__PROBLEM TO SOLVE__.
Although the entries contain pictures, copy only their text, exactly as written.

__GIVEN DATA__.
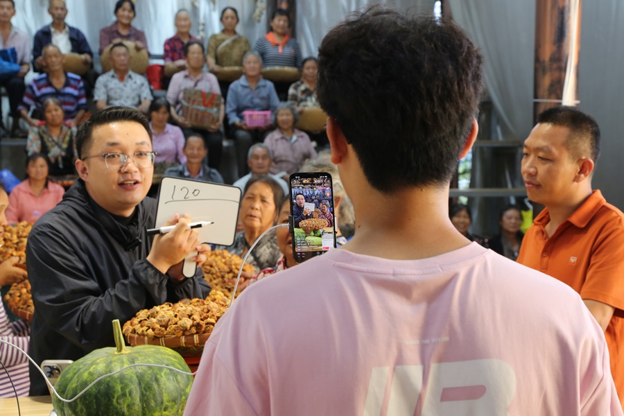 直播农特产品直播(10月17日摄)。
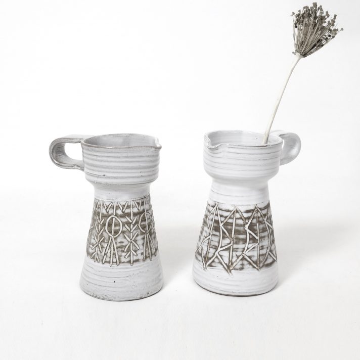 Les Argonautes, paire de pichets en céramique à décor géométrique sur fond crème.
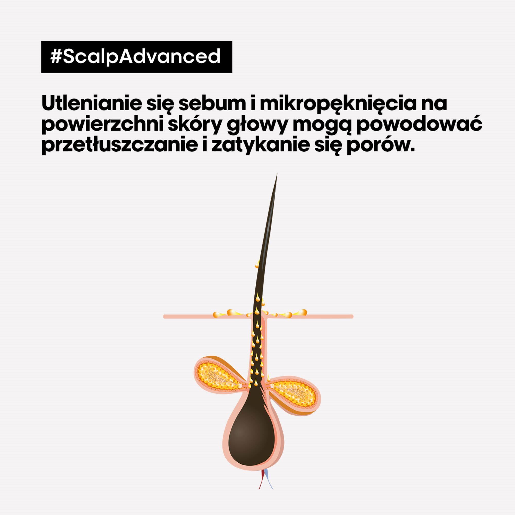 Najlepiej wybrać formułę oczyszczającą z kwasami AHA, która reguluje wydzielanie sebum bez przesuszania. L'Oréal Scalp Advanced Anti-Oiliness już po pierwszym użyciu ogranicza sebum o 78% i pozostawia włosy świeże dłużej.
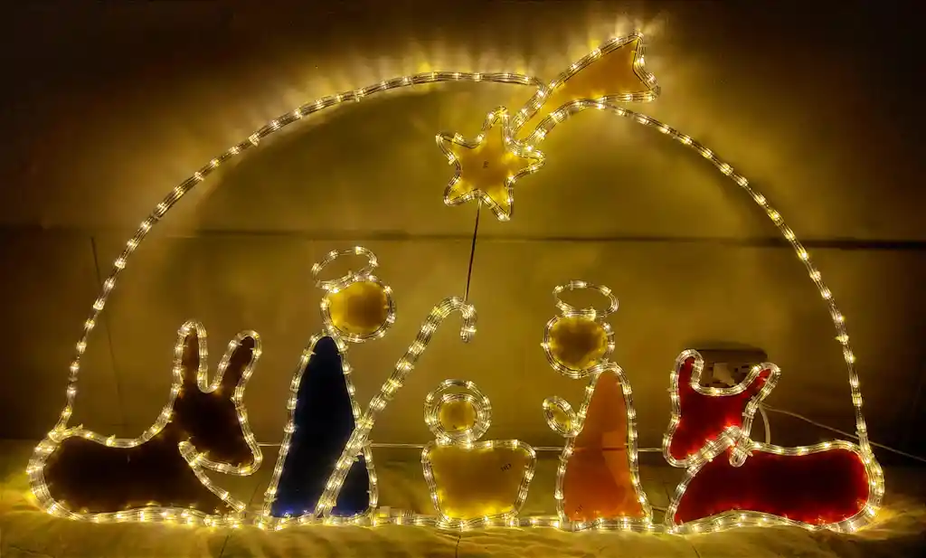 Pesebre en estructura metálica y manguera led de 3 vias con 52 luces led, viene con secuencial de 8 movimientos y decorado con lámina de polipropileno de diferentes colores. Figura ideal para colgar en fachadas y ventanas. Medidas: Alto: 68 cm Ancho: 1 metro con 17 cm Disponibles en luz multicolor, luz cálida y luz blanca.
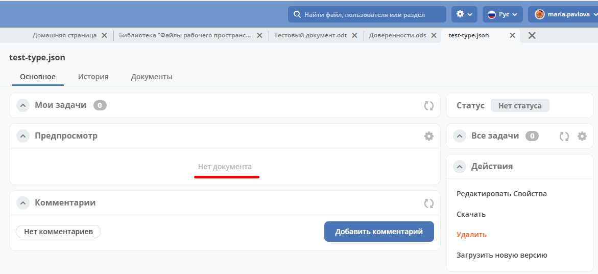 Не работает предпросмотр документа для файлов с расширениями: json, odt, ods.
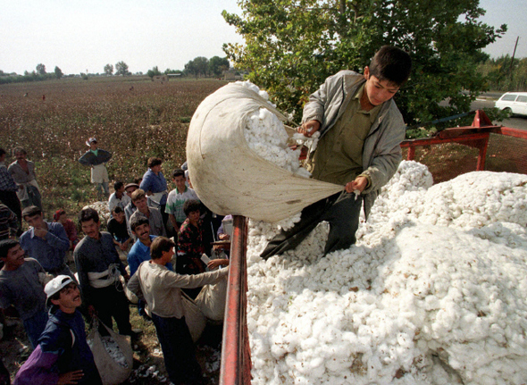 우즈베키스탄 수도 타슈켄트 남부지역의 면화밭에서 한 소년이 트럭 위에 올라 갓 거둬들인 면화 더미를 부리고 있다. 여물지 않은 손으로 추수한 면화에서 실이 뽑히고, 그 실로 짠 옷감으로 어딘가에서 또 다른 아이들이 재봉틀을 돌리고 있다. REUTERS/ SHAMIL ZHUMATOV
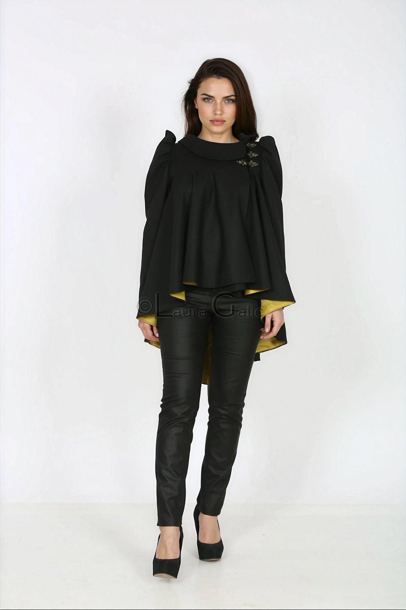 Palton Cora, trench primăvară/toamna, capa eleganta, mâneci bufante, prindere nasturi chinezești , stofe lina culori la alegere

__EXERCISE RESPONSE__.
 直播农特产品直播(10月17日摄)。
 Les Argonautes, paire de pichets en céramique à décor géométrique sur fond crème.
 Najlepiej wybrać formułę oczyszczającą z kwasami AHA, która reguluje wydzielanie sebum bez przesuszania. L'Oréal Scalp Advanced Anti-Oiliness już po pierwszym użyciu ogranicza sebum o 78% i pozostawia włosy świeże dłużej.
 Pesebre en estructura metálica y manguera led de 3 vias con 52 luces led, viene con secuencial de 8 movimientos y decorado con lámina de polipropileno de diferentes colores. Figura ideal para colgar en fachadas y ventanas. Medidas: Alto: 68 cm Ancho: 1 metro con 17 cm Disponibles en luz multicolor, luz cálida y luz blanca.
 Не работает предпросмотр документа для файлов с расширениями: json, odt, ods.
 우즈베키스탄 수도 타슈켄트 남부지역의 면화밭에서 한 소년이 트럭 위에 올라 갓 거둬들인 면화 더미를 부리고 있다. 여물지 않은 손으로 추수한 면화에서 실이 뽑히고, 그 실로 짠 옷감으로 어딘가에서 또 다른 아이들이 재봉틀을 돌리고 있다. REUTERS/ SHAMIL ZHUMATOV
 Palton Cora, trench primăvară/toamna, capa eleganta, mâneci bufante, prindere nasturi chinezești , stofe lina culori la alegere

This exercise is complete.